Firefighter Zen: A Field Guide to Thriving in Tough Times
I chose Firefighter Zen by Hersh Wilson because I wanted to understand volunteer firefighting better. My husband has been a volunteer firefighter for almost three years, and while I value volunteer service, I also resented the time he was spending away from our family. Part memoir and part self help guide according to firefighters, Wilson’s book is a moving account of love, life, and loss.
Wilson and his wife Laurie became volunteer firefighters nearly by accident. Previously professional ballet dancers, they were recommended to join as volunteers as a way to keep advanced first aid techniques sharp.
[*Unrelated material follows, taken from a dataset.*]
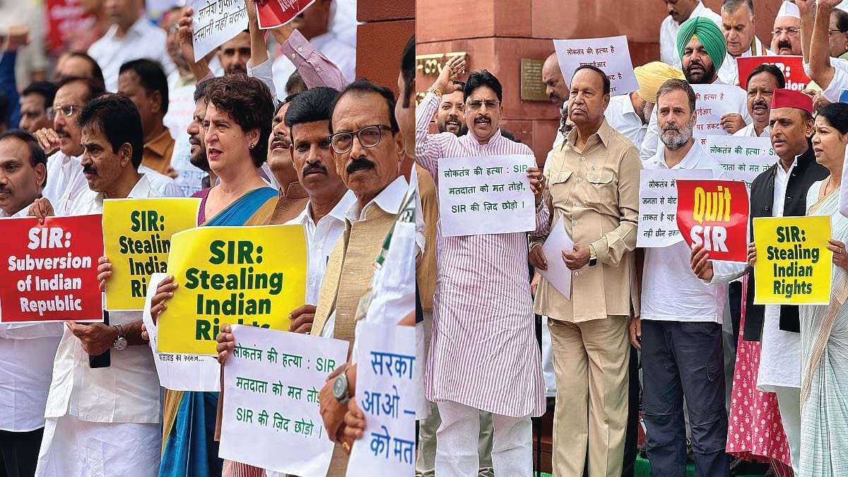 विपक्षी सांसदों ने ‘नहीं चलेगा-नहीं चलेगा, एसआईआर नहीं चलेगा’ और ‘वोटबंदी बंद करो’ के नारे लगाए। कई सांसदों ने अपने हाथों में तख्तियां ले रखी थीं, जिन पर एसआईआर के विरोध में नारे लिखे हुए थे। कांग्रेस सांसद सैयद नासिर हुसैन ने कहा, ‘‘हम इस मुद्दे को जोरशोर से उठाएंगे। ऐसा नहीं हो सकता कि रातों-रात लाखों लोगों को मतदाता सूची से बाहर कर दिया जाए।’’ उन्होंने कहा कि सरकार और निर्वाचन आयोग को इस मामले में अपने कदम पीछे खींचने होंगे। विरोध प्रदर्शन से पहले ‘इंडिया’ गठबंधन के घटक दलों के सदनों के नेताओं ने बैठक कर मानसून सत्र में आगे की रणनीति पर चर्चा की और एसआईआर के मुद्दे को पुरजोर तरीके से उठाने का फैसला किया।

Now 30 years later, Wilson reflects on what he has learned from volunteer firefighting. The book is organized in standalone chapters. Each chapter starts with an inspirational quote and a vignette from a “call,” a fire or emergency response. Wilson then relates the story to larger themes in firefighting and in life. He skillfully explores the murky waters that come with a life of service: judgement, compassion fatigue, and the eternal question “Why do bad things happen to good people?”
Wilson doesn’t offer any easy answers. He highlights appreciating the simple things in life and coming to terms with your own mortality as pivotal. The themes of acknowledgement and acceptances also play a large role.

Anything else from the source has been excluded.